Task statement:
Exact copies of the lines below, from the one with "Story time is" up to and including the one with "2019년 노인일자리사업 참여자 모집 안내 [2019-08-20]", are what this calls for; leave out pictures.

_____

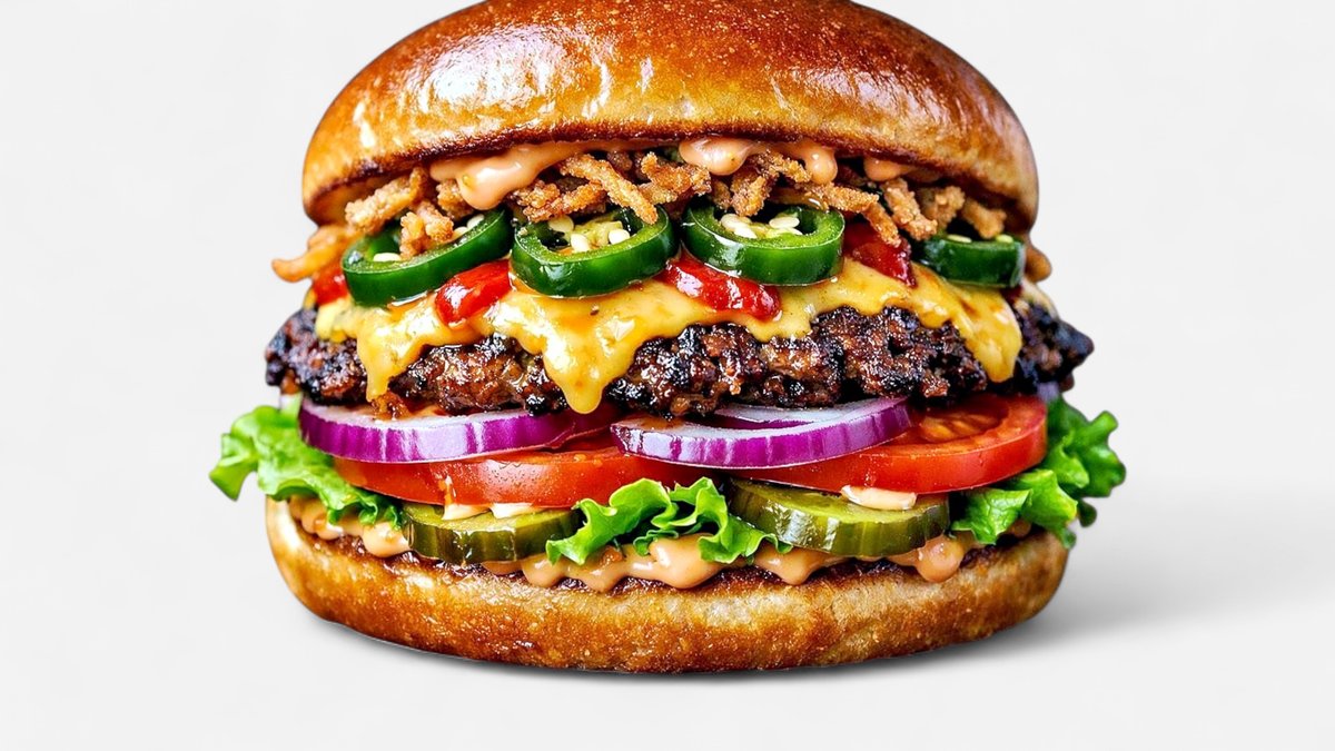 mit 180 g Rindfleisch, Jalapeños, Chili-Käsesoße, Salat, roten Zwiebeln und hausgemachter Burgersoße
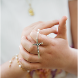 - Diseños y estilos: Piezas con detalles religiosos, perlas, corazones o formas clásicas, ideales para complementar el atuendo de comunión.
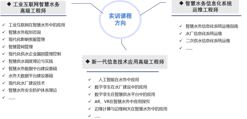 面對行業(yè)人才需求與培養(yǎng),基地主要開展三大方向高級工程師的實訓(xùn):工業(yè)互聯(lián)網(wǎng)智慧水務(wù)高級工程師、新一代信息技術(shù)應(yīng)用高級工程師、智慧水務(wù)信息化系統(tǒng)運維工程師。
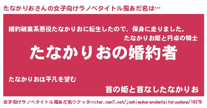 | 男性向けラノベタイトル風あだ名 | 『うちの娘の為ならば、俺はもしかしたらたなかりおも倒せるかもしれない。』 |
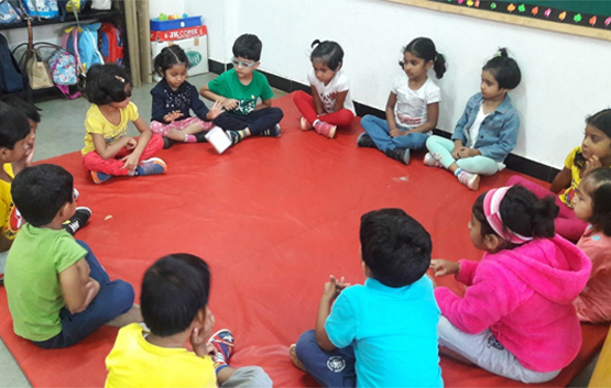 Story time is particularly important for this age group. The child’s imagination and the increased ability to remember the past make the child an interesting storyteller. Teachers give students opportunities to recite familiar stories that they have read. Children learn that reading is about playing with words and sounds through rhymes, songs and stories.
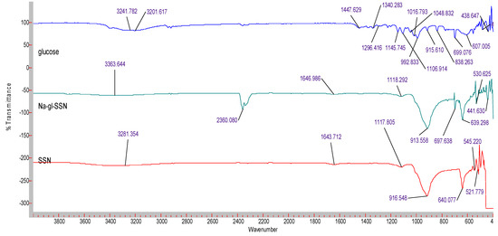 FTIR spectra for free glucose, SSNs (formed using 60 mM of SrCl2 and and 10 mM of Na2SO3) and Na-Glc-SSNs (formed by adding 60 mM of SrCl2, 300 mM of NaCl, 200 mM of glucose and 10 mM of Na2SO3).
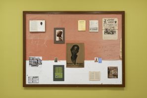 Pinnwand mit Fotografien, Dokumenten, Magazinen, Büchern und diversen Materialien, gerahmt 150 x 250 cm, Installationsansicht in der Ausstellung „WER WIR SIND. Fragen an ein Einwanderungsland“, Bundeskunsthalle, Bonn (25. Mai – 8. Oktober 2023)
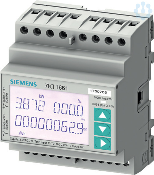 SENTRON, Messgerät, 7KT PAC1600, LCD, L-L: 400 V, L-N: 230 V, 5 A, Hutschienengerät, 3-phasig, M-bus + MID, Schein- / Wirk- / Blindenergie, eigenversorgt, Schraubanschluss
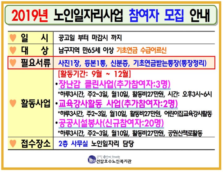 2019년 노인일자리사업 참여자 모집 안내 [2019-08-20]
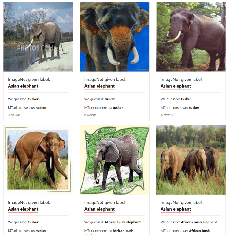 However, as a result of the AWS Mechanical Turk consensus used for the final guess, we can see that their relabeling approach results in errors. For instance, these _are _actually asian elephants and not tuskers.
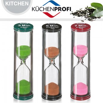 Набор песочных часов для заваривания чая, 3 предмета, стекло, кварц, Kuchenprofi
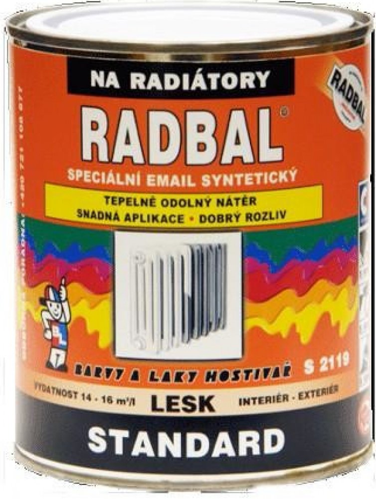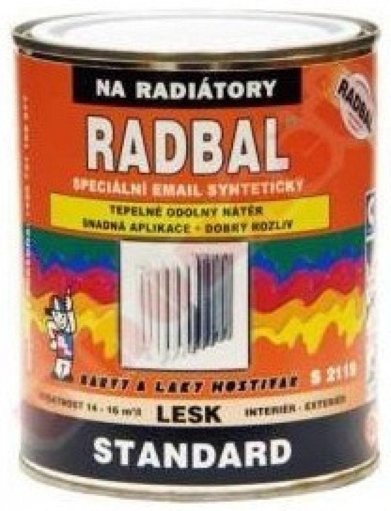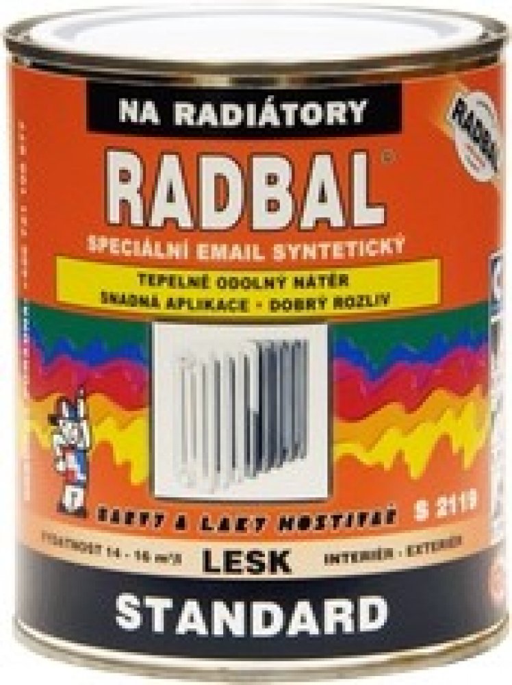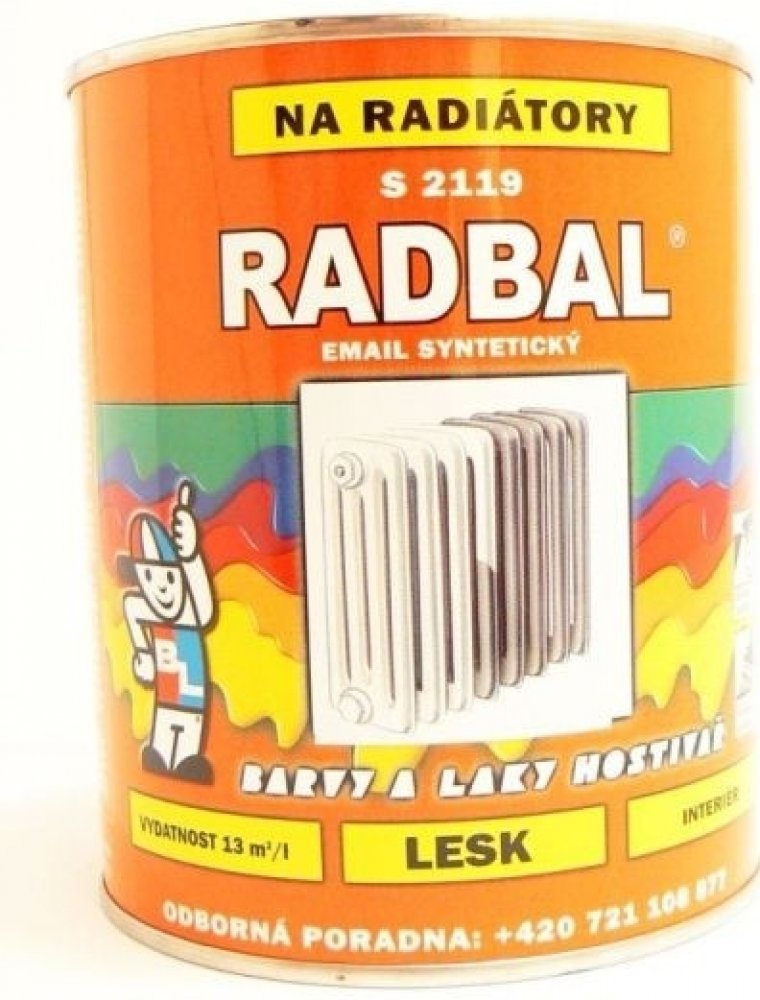 Radbal je disperze anorganických pigmentů v roztoku syntetických pryskyřic v organických rozpouštědlech s přídavkem sušidel.Radbal email je určen zejména k vrchním nátěrům radiátorů teplovodního topení. Má rychlé zasychání a dobré mechanické vlastnosti. Radiátory musí být před aplikací vychladlé.
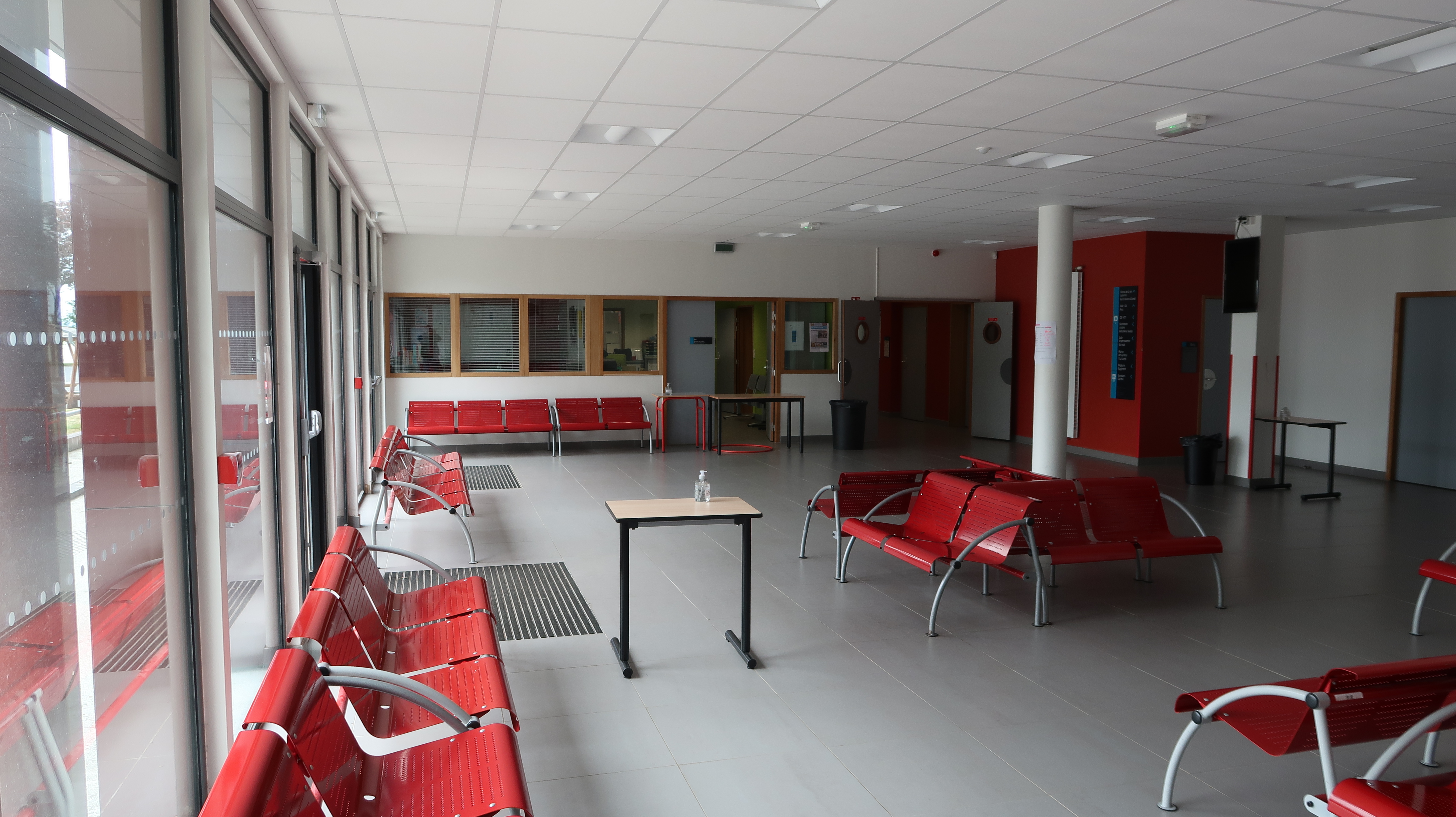 Externat : hall vitré suite à la restructuration du préau est.Immatriculation
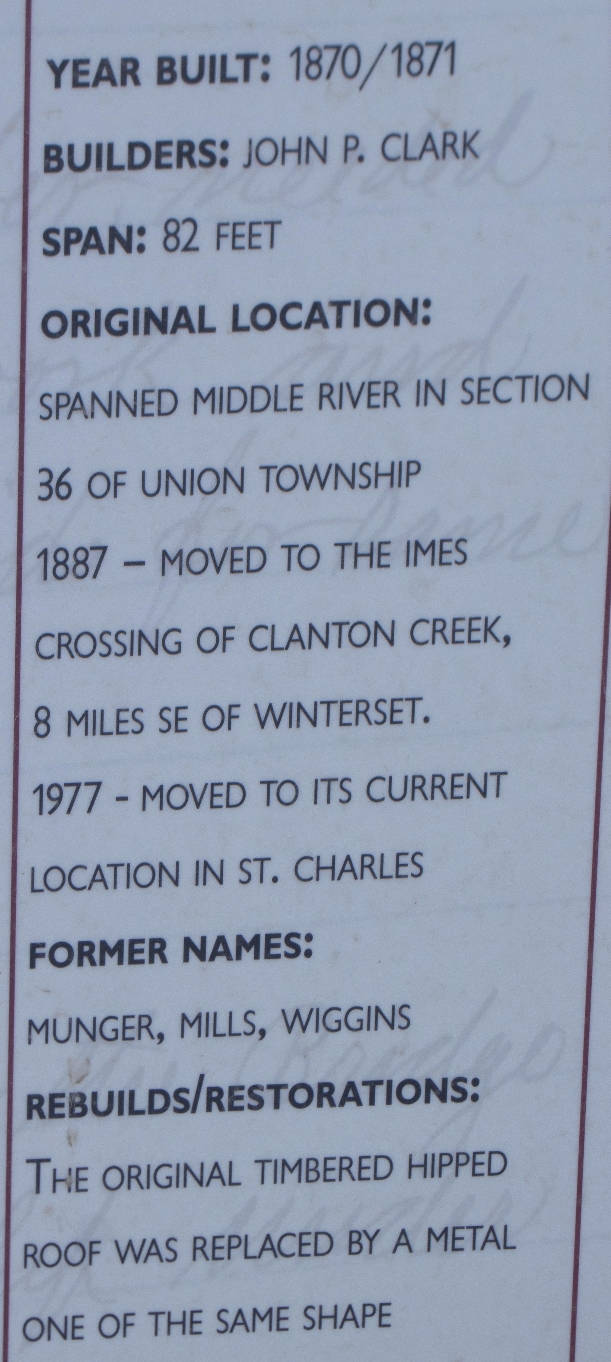 After our detours in Winterset, we continued on to see the last two bridges. The next bridge was a nice surprise. We could actually drive across it! It is the only one available to drive. Of course, we did drive it! This is the Cedar Covered Bridge. It also had a nice gazebo and picnic area. This bridge was rebuilt twice due to arson.
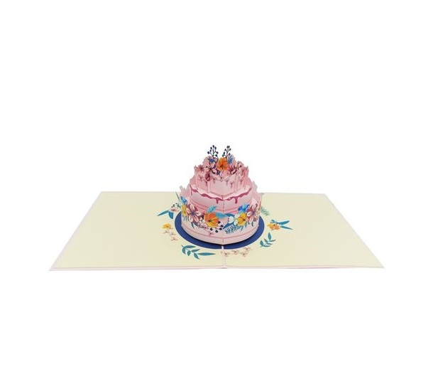 Mang đến sự bất ngờ và ấn tượng với thiệp 3D Pop Up bánh kem sinh nhật 3 tầng. Khi mở ra, chiếc bánh kem màu hồng trang trí hoa văn rực rỡ bật nổi

_____

Exercise output:
 Story time is particularly important for this age group. The child’s imagination and the increased ability to remember the past make the child an interesting storyteller. Teachers give students opportunities to recite familiar stories that they have read. Children learn that reading is about playing with words and sounds through rhymes, songs and stories.
 FTIR spectra for free glucose, SSNs (formed using 60 mM of SrCl2 and and 10 mM of Na2SO3) and Na-Glc-SSNs (formed by adding 60 mM of SrCl2, 300 mM of NaCl, 200 mM of glucose and 10 mM of Na2SO3).
 Pinnwand mit Fotografien, Dokumenten, Magazinen, Büchern und diversen Materialien, gerahmt 150 x 250 cm, Installationsansicht in der Ausstellung „WER WIR SIND. Fragen an ein Einwanderungsland“, Bundeskunsthalle, Bonn (25. Mai – 8. Oktober 2023)
 SENTRON, Messgerät, 7KT PAC1600, LCD, L-L: 400 V, L-N: 230 V, 5 A, Hutschienengerät, 3-phasig, M-bus + MID, Schein- / Wirk- / Blindenergie, eigenversorgt, Schraubanschluss
 2019년 노인일자리사업 참여자 모집 안내 [2019-08-20]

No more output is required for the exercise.